• F
    Btrfs: fix lockdep warning on deadlock against an inode's log mutex · 28a23593
    Filipe Manana 提交于
    Commit 44f714da ("Btrfs: improve performance on fsync against new
    inode after rename/unlink"), which landed in 4.8-rc2, introduced a
    possibility for a deadlock due to double locking of an inode's log mutex
    by the same task, which lockdep reports with:
    
    [23045.433975] =============================================
    [23045.434748] [ INFO: possible recursive locking detected ]
    [23045.435426] 4.7.0-rc6-btrfs-next-34+ #1 Not tainted
    [23045.436044] ---------------------------------------------
    [23045.436044] xfs_io/3688 is trying to acquire lock:
    [23045.436044]  (&ei->log_mutex){+.+...}, at: [<ffffffffa038552d>] btrfs_log_inode+0x13a/0xc95 [btrfs]
    [23045.436044]
                   but task is already holding lock:
    [23045.436044]  (&ei->log_mutex){+.+...}, at: [<ffffffffa038552d>] btrfs_log_inode+0x13a/0xc95 [btrfs]
    [23045.436044]
                   other info that might help us debug this:
    [23045.436044]  Possible unsafe locking scenario:
    
    [23045.436044]        CPU0
    [23045.436044]        ----
    [23045.436044]   lock(&ei->log_mutex);
    [23045.436044]   lock(&ei->log_mutex);
    [23045.436044]
                    *** DEADLOCK ***
    
    [23045.436044]  May be due to missing lock nesting notation
    
    [23045.436044] 3 locks held by xfs_io/3688:
    [23045.436044]  #0:  (&sb->s_type->i_mutex_key#15){+.+...}, at: [<ffffffffa035f2ae>] btrfs_sync_file+0x14e/0x425 [btrfs]

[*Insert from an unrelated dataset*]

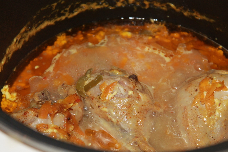 Блюда из птицыполучилось у меня сегодня приготовить ужин, а главное,почти без моего участия,люблю свою помощницу.А готовила я молодую картошечку на пару и тушила курочку. В кастрюлю положила куриную голень,посыпала сверху тертой морковкой, добавила болгарский перец. Лука в доме не оказалось,но ,думаю, с ним было бы еще лучше. Все посолила,добавила приправу для курицы, потом налила чуть-чуть воды и добавила немного майонеза. сверху водрузила картоху,чтобы варилась на пару, закрыла и отправилась гулять с ребенком. Пришли с ним, открываем,а там такая красота! Я сомневалась насчет майонеза, так как считаю, что детям вообще противопоказан, но здесь согрешила, получилось совсем не жирно,нежно, сын покушал с аппетитом. Такой вот экспресс-рецепт. Завтра еще и папку накормим.

    [23045.436044]  #1:  (sb_internal#2){.+.+.+}, at: [<ffffffff8118446b>] __sb_start_write+0x5f/0xb0
    [23045.436044]  #2:  (&ei->log_mutex){+.+...}, at: [<ffffffffa038552d>] btrfs_log_inode+0x13a/0xc95 [btrfs]
    [23045.436044]
                   stack backtrace:
    [23045.436044] CPU: 4 PID: 3688 Comm: xfs_io Not tainted 4.7.0-rc6-btrfs-next-34+ #1
    [23045.436044] Hardware name: QEMU Standard PC (i440FX + PIIX, 1996), BIOS rel-1.9.1-0-gb3ef39f-prebuilt.qemu-project.org 04/01/2014
    [23045.436044]  0000000000000000 ffff88022f5f7860 ffffffff8127074d ffffffff82a54b70
    [23045.436044]  ffffffff82a54b70 ffff88022f5f7920 ffffffff81092897 ffff880228015d68
    [23045.436044]  0000000000000000 ffffffff82a54b70 ffffffff829c3f00 ffff880228015d68
    [23045.436044] Call Trace:
    [23045.436044]  [<ffffffff8127074d>] dump_stack+0x67/0x90
    [23045.436044]  [<ffffffff81092897>] __lock_acquire+0xcbb/0xe4e
    [23045.436044]  [<ffffffff8109155f>] ? mark_lock+0x24/0x201
    [23045.436044]  [<ffffffff8109179a>] ? mark_held_locks+0x5e/0x74
    [23045.436044]  [<ffffffff81092de0>] lock_acquire+0x12f/0x1c3
    [23045.436044]  [<ffffffff81092de0>] ? lock_acquire+0x12f/0x1c3
    [23045.436044]  [<ffffffffa038552d>] ? btrfs_log_inode+0x13a/0xc95 [btrfs]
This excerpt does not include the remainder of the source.